* What to produce *
Output only the lines below that start at the line containing "Lenovo IdeaPad S400" and end at the line containing "One of our outreach", with both ends kept.

Data for analysis below:

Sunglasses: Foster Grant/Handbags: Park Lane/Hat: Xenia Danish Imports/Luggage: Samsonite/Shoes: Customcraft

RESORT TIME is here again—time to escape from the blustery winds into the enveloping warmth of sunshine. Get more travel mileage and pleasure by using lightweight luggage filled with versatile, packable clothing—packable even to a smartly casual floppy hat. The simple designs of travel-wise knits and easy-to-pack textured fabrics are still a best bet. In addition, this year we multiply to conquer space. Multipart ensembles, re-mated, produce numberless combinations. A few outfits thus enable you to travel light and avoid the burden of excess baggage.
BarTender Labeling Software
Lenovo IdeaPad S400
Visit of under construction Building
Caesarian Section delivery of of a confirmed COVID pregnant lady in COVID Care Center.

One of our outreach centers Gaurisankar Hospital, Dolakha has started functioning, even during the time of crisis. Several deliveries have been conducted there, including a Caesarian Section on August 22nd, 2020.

End of Data for analysis.
Data for analysis below:

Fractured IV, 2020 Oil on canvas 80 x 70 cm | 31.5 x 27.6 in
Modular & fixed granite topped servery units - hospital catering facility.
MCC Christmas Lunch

End of Data for analysis.
Data for analysis below:

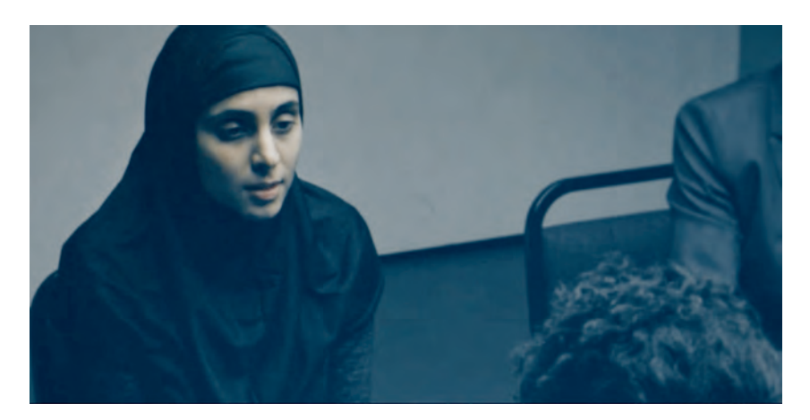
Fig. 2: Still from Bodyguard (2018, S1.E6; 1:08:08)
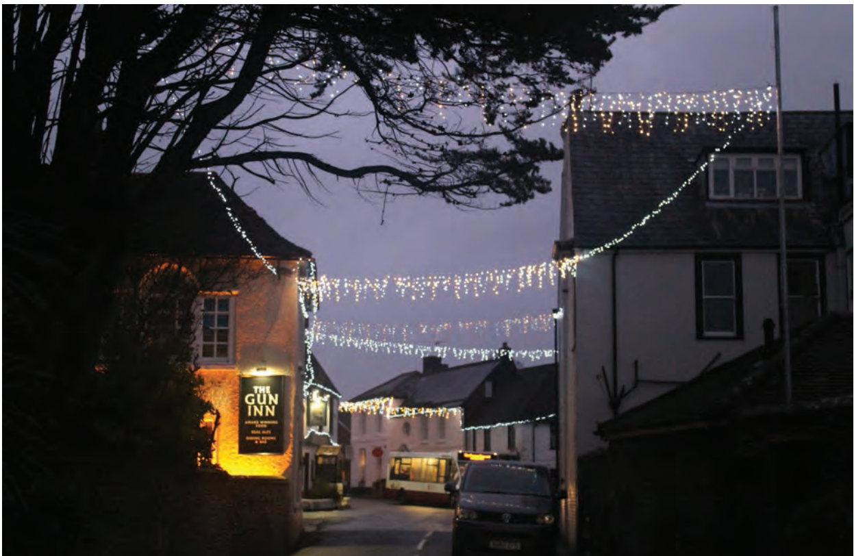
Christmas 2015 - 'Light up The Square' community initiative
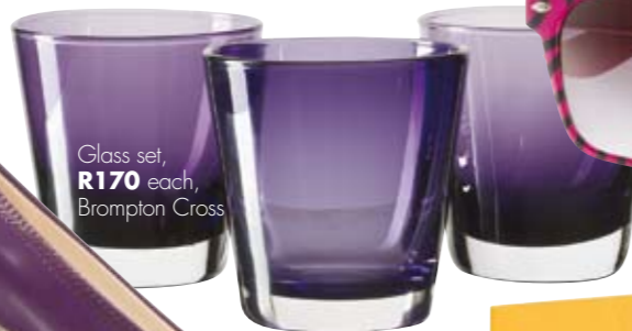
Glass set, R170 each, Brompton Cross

End of Data for analysis.

* Written response *
Lenovo IdeaPad S400
Visit of under construction Building
Caesarian Section delivery of of a confirmed COVID pregnant lady in COVID Care Center.

One of our outreach centers Gaurisankar Hospital, Dolakha has started functioning, even during the time of crisis. Several deliveries have been conducted there, including a Caesarian Section on August 22nd, 2020.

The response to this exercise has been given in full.